The Java Tutorials have been written for JDK 8. Examples and practices described in this page don't take advantage of improvements introduced in later releases and might use technology no longer available.
See Java Language Changes for a summary of updated language features in Java SE 9 and subsequent releases.
See JDK Release Notes for information about new features, enhancements, and removed or deprecated options for all JDK releases.
This lesson focuses on the Simple API for XML (SAX), an event-driven, serial-access mechanism for accessing XML documents. This protocol is frequently used by servlets and network-oriented programs that need to transmit and receive XML documents, because it is the fastest and least memory-intensive mechanism that is currently available for dealing with XML documents, other than the Streaming API for XML (StAX).
Note - In a nutshell, SAX is oriented towards state independent processing, where the handling of an element does not depend on the elements that came before. StAX, on the other hand, is oriented towards state dependent processing. For a more detailed comparison, see When to Use SAX.
Setting up a program to use SAX requires a bit more work than setting up to use the Document Object Model (DOM). SAX is an event-driven model (you provide the callback methods, and the parser invokes them as it reads the XML data), and that makes it harder to visualize.
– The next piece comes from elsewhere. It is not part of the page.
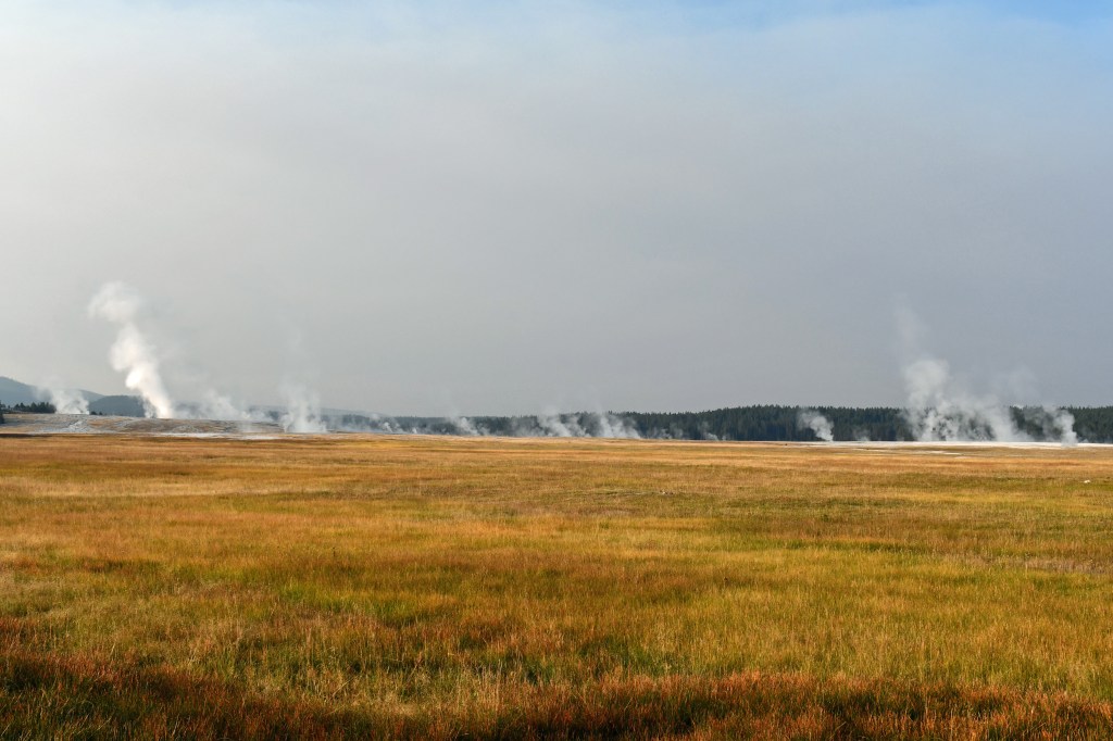 We enter the park early, hoping for less traffic at Old Faithful. The morning dew still hugs stalks of wild grass, and columns of steam rise across the main geyser basin, as if the earth is exhaling all it took in the night before.

Finally, you cannot "back up" to an earlier part of the document, or rearrange it, any more than you can back up a serial data stream or rearrange characters you have read from that stream.
For those reasons, developers who are writing a user-oriented application that displays an XML document and possibly modifies it will want to use the DOM mechanism described in Document Object Model.
However, even if you plan to build DOM applications exclusively, there are several important reasons for familiarizing yourself with the SAX model:
Same Error Handling: The same kinds of exceptions are generated by the SAX and DOM APIs, so the error handling code is virtually identical.
Handling Validation Errors: By default, the specifications require that validation errors be ignored. If you want to throw an exception in the event of a validation error (and you probably do), then you need to understand how SAX error handling works.
Converting Existing Data: As you will see in Document Object Model, there is a mechanism you can use to convert an existing data set to XML. However, taking advantage of that mechanism requires an understanding of the SAX model.